I will continue to wrestle with number probably over the next few days, or at least until Wes joins me at 30 in October :) But today, I had no expectations for the birthday. No expectations for how the kids would act, what Wes would do, or how the day would go. In 7 years of marriage (4 of that being with kids) Ive learned it is better that way, though not always easy to remove expectations.

Best start of the birthday was sleeping in till 9am! So great. Second best was seeing the girls faces as they yelled "Surprise" when I walked into the living room. They had decorated it with fabric and red balloons. They were so proud. Throughout the day Leighton kept telling me "Mom its your day. You can do whatever you want. You get to pick out everything." Sweet, sweet soul.
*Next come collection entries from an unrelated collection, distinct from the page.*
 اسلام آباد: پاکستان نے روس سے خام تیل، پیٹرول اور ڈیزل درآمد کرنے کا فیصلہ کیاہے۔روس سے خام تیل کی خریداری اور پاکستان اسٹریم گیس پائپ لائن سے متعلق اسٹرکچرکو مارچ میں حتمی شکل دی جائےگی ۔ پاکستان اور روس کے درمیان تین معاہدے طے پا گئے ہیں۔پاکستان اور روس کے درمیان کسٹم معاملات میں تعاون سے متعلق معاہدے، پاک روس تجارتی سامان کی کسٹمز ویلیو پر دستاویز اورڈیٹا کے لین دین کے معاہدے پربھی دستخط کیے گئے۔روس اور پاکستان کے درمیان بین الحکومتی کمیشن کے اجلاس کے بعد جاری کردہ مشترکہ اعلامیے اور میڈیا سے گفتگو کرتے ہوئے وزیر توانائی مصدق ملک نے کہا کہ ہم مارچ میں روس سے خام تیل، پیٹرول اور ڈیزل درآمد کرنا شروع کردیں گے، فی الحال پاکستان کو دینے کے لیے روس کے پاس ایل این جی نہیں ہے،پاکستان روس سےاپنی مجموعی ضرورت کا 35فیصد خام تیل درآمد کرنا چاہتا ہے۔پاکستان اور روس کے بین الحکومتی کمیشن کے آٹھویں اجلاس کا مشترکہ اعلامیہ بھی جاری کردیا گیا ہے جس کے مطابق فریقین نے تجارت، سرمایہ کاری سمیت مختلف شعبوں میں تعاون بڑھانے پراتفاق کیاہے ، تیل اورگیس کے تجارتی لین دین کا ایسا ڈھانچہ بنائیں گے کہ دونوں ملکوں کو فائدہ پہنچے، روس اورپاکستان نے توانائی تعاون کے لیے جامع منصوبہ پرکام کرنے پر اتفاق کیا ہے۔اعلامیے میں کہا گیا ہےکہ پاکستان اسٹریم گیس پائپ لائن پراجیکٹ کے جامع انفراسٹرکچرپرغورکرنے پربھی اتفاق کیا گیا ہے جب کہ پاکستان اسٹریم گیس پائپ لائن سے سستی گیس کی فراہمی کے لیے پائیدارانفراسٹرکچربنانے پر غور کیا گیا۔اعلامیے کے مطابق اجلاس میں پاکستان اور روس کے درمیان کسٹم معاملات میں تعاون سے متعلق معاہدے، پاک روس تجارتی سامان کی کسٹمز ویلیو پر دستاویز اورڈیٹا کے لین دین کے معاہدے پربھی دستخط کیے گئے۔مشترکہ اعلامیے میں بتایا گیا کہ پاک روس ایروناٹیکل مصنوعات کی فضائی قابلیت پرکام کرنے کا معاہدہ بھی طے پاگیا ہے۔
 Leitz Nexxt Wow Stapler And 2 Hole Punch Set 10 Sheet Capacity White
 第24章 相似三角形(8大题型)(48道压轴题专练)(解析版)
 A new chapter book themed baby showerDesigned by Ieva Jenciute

My favorite meal of the day is breakfast. So we went out for brunch. It is not the fanciest place but they make a good breakfast sandwich and pancakes… The Dish.

After breakfast we just walked around neighborhood and enjoyed the nice (almost fall-like) weather, including picking up some flowers from the market. The girls were well-behaved, funny, and sweet today. Wes was thoughtful in that he wrote down 30 things he said he loved about me. I told him I could tell by his list were were older because it had some things on there he might of told to me at my 23rd year old birthday but then snuck in some ones that he could only say after time, experiences, and circumstances. And he got me a rad sweatshirt from Wish You Were Northwest too.. now to just be in a cabin by mountains drinking coffee…..

The girlies then took a nap, Wes went to church early and I am getting to read, relax and type. Thanks to friends and family for cards and thoughtful gifts as well. Shoutout to the girls in my Missional Community for hanging out last night at Kelsey's and eating cupcakes with me. Y'all are the best.
 This is 30.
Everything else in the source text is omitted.